VURUN ÖĞRET(M)ENE!

Toplum olarak dilden dile, kulaktan kulağa alışa geldiğimiz, bilinçli bilinçsiz hemen hemen hepimizin dilinde dökülen “okusun adam olsun” söyleminin manası nedir?

Eğer okumada ki maksat sadece dünyevi mevki, makam, koltuk, rütbe sahibi olmaksa tavsiye edilmeyen bir söylemdir. Yok, eğer marifetse, hürmetse, edepse, ahlaksa, hayâysa, haksa, hukuksa, adaletse baş göz üstüne…

Allah kimine koltuğu, kimine koyunu, kimine kazma, kürek, testereyi, kimine kalemi, defteri, kitabı emanet etmiş. Emanete sahip çıkılmıyorsa ha dünyevi diplomalar dizilmiş, ha dizilmemiş ne yazar…

Bediüzzaman’ın babası Mirza Efendi tarlalardan geçirdiği öküzlerinin haram lokma yutmalarına izin vermeyişinde ki hassasiyeti hangi dünyevi diplomanın, lisansın, doktora tezinin neticesidir?…

Hangimiz, kaçımız; okuma, yazma bilmeyen, okul yüzü görmeyen babalarımız, annelerimiz kadar anlayışlı, kültürlü, medeniyetli olduk, oluyoruz?…

Hangimiz, kaçımız oturuşumuzla, kalkışımızla, muhabbetimizle, insani değerlerimizle büyüklerimizin o ince anlayışlı mazilerini yaşamaktayız?…

Bize; şımarılacak rütbe, mevki, makam, nam, duvarlık diplomalar değil. Bize duruşuyla, kararlarıyla, düşüncesiyle, hizmetleriyle dik duracak, kul hakkına bulaşmayacak, hayat okuyan, üreten nesiller lazım…

OKUL MÜDÜRLERİ OKUL YÖNETMELİ

Bu gün toplumun en küçük grubu çekirdek ailede güzel ahlak disiplini yoksa yarının toplumundan ümitvar olmak abestir.
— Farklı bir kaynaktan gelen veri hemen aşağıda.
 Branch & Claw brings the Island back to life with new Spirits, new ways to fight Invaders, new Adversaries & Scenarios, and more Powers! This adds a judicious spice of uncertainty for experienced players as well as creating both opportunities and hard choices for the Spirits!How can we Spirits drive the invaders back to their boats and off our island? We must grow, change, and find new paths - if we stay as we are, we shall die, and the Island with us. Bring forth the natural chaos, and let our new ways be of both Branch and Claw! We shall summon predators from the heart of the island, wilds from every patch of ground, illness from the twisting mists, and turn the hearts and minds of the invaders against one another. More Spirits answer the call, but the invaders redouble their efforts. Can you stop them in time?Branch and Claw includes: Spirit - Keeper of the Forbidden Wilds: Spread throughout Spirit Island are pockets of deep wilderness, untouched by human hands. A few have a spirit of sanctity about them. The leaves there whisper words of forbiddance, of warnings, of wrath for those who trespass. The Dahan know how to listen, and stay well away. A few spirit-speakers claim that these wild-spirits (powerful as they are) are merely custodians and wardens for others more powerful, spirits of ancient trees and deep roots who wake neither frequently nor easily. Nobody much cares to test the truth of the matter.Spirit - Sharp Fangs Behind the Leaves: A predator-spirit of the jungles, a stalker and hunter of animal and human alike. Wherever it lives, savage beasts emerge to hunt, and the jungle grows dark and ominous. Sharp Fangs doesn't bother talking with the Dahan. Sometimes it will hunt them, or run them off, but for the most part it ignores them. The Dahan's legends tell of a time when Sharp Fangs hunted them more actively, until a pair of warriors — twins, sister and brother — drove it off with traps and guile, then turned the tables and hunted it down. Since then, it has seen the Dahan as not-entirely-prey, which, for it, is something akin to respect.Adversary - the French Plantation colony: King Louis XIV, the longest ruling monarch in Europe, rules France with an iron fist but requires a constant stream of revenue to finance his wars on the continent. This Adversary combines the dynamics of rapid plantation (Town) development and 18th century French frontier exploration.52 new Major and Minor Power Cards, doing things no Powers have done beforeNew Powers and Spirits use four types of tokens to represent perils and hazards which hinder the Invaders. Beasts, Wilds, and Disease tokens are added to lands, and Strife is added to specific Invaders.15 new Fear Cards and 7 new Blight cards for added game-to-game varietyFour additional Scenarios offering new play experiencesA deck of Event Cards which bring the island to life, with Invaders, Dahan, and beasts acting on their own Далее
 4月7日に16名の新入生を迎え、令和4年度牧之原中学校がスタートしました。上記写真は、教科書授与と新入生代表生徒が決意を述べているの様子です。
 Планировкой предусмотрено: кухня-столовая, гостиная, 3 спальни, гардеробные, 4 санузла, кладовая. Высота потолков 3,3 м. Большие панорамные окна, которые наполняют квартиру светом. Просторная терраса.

Nasıl ki TSK gibi kurumlarda; devamlılık ve kararlılıkla başarılar, zirveler disiplinle geliyorsa...

Eğitimin ana merkezlerinden, okullarımızda da disiplin kaçınılmazdır.
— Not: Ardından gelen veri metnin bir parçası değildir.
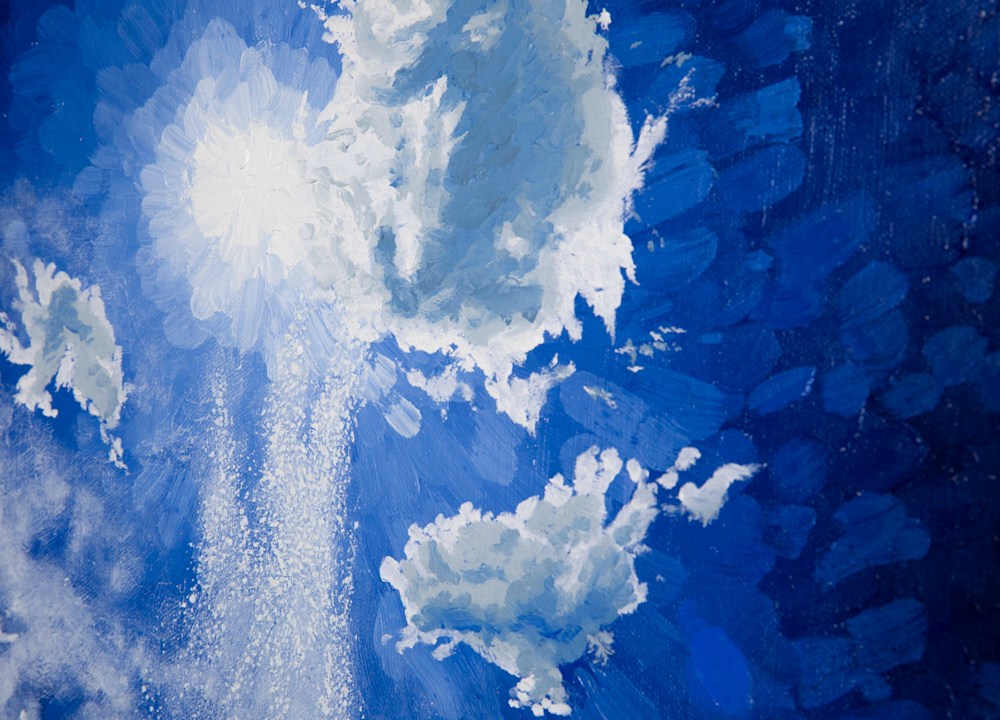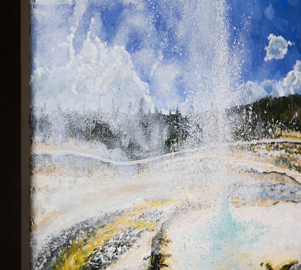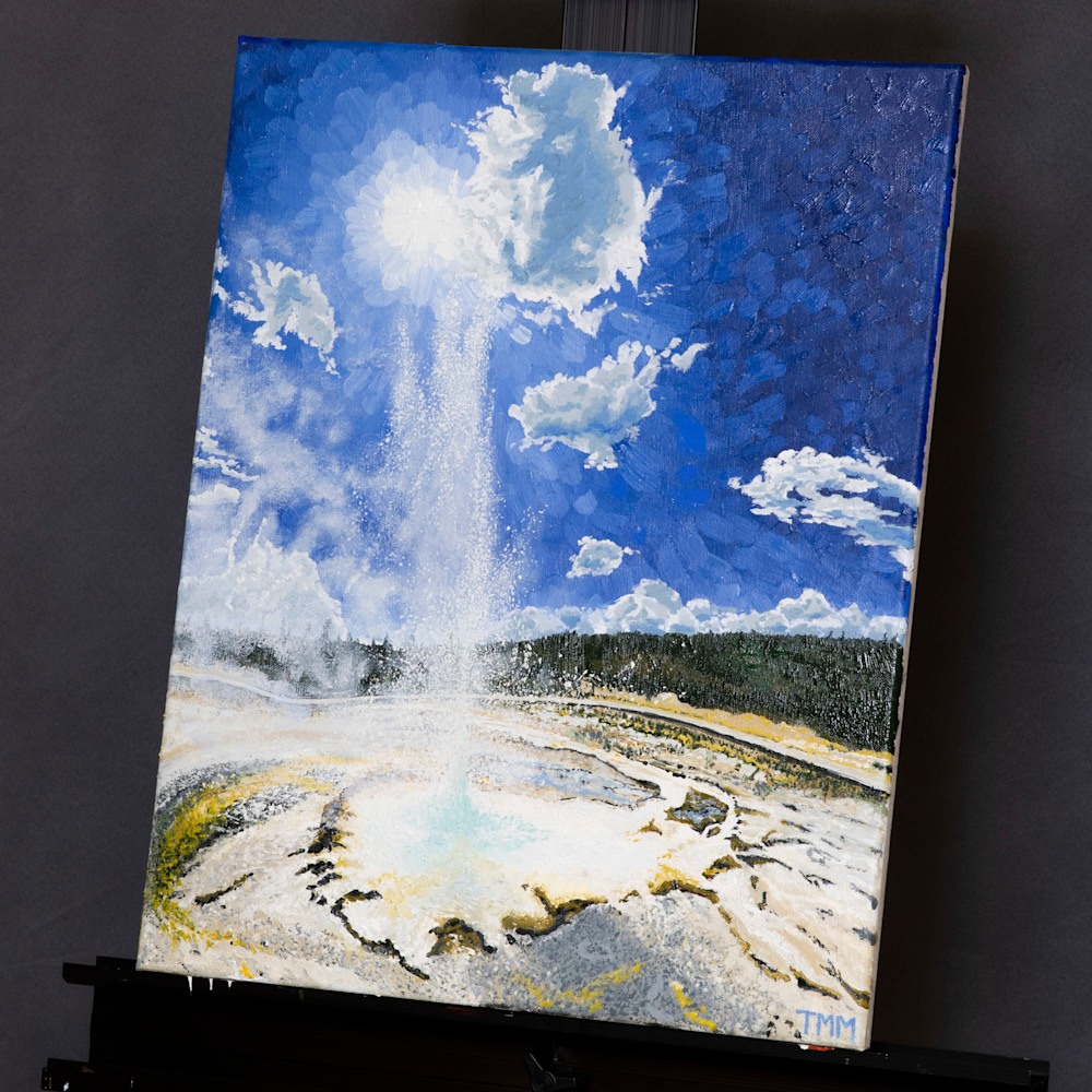 Yellowstone National Park is such a unique place in the world. This Sawmill Geyser just kept on erupting and sputtering and gasping for so long as I walked the boardwalks. It was like a machine gun and with the puffy clouds, blue sky, and the sun beaming down I just had to capture the unique beauty in this painting. I can hear the sputtering and the wind and the sun on my face as I look at this.

Hangi idareci; öğretmenini, okulunu; talebesinin sözlü veya fiziki tacizine karşı korumuyorsa, sesini çıkarmıyorsa, talebesinin diklenmesinden, ailesinin makamından korkup muallimini, okulunu savunmuyorsa, okulun disiplinini ele geçirmiyorsa o idareci koltuğu acilen bırakmalı…

Ailesinin veremediği yada edemediği laubali, müstehcen söylemler gibi cahilane ahmaki davranışlar sergileyen ve bunların yanında efendiliğiyle, edebiyle, güzel ahlakıyla uyumlu talebesinin hakkını savunamıyorsa o eğitim hemen durdurulmalı, sil baştan ahlaki eğitime geçilmeli…

Okul çevre düzenlemelerinde öğrencinin gözlerine hitap etmeyen çiçek, ağaç, yem yeşil bir okul düzenlemesini hazırlamadıysak, hazırlayamıyorsak, okullar arasında ihale kapkaççılığı yapıyorsak idareci değiliz…

KOŞ BABA ÖĞRETMEN BENİ DÖVDÜ

Sözünü duyar duymaz; bir elimizde hiddet, bir elimizde şiddet, dilimizde kırıcı üslup; duymasında bile hayâ ettiğimiz söylemlerin esiri olacaksak; neyin ne olduğunun kaynağını ayırt etmeden okullara baskınlar yapacaksak… Niye okuduk, niye ebeveyn olduk?…

Hanelerimizin içinde utanmadan kızlı erkekli konuşmalarımızı, küfürlerimizi, müstehcen cümlelerimizi dizmekle eğittiğimiz, bilinçaltlarına yerleştirdiğimiz evlatlarımızı; okullarımızın, öğretmenlerimizin başına bela etmeyelim. Ahlaklarını bozduğumuz yavrularımızın ahlaklarını okullara mal etmeyelim…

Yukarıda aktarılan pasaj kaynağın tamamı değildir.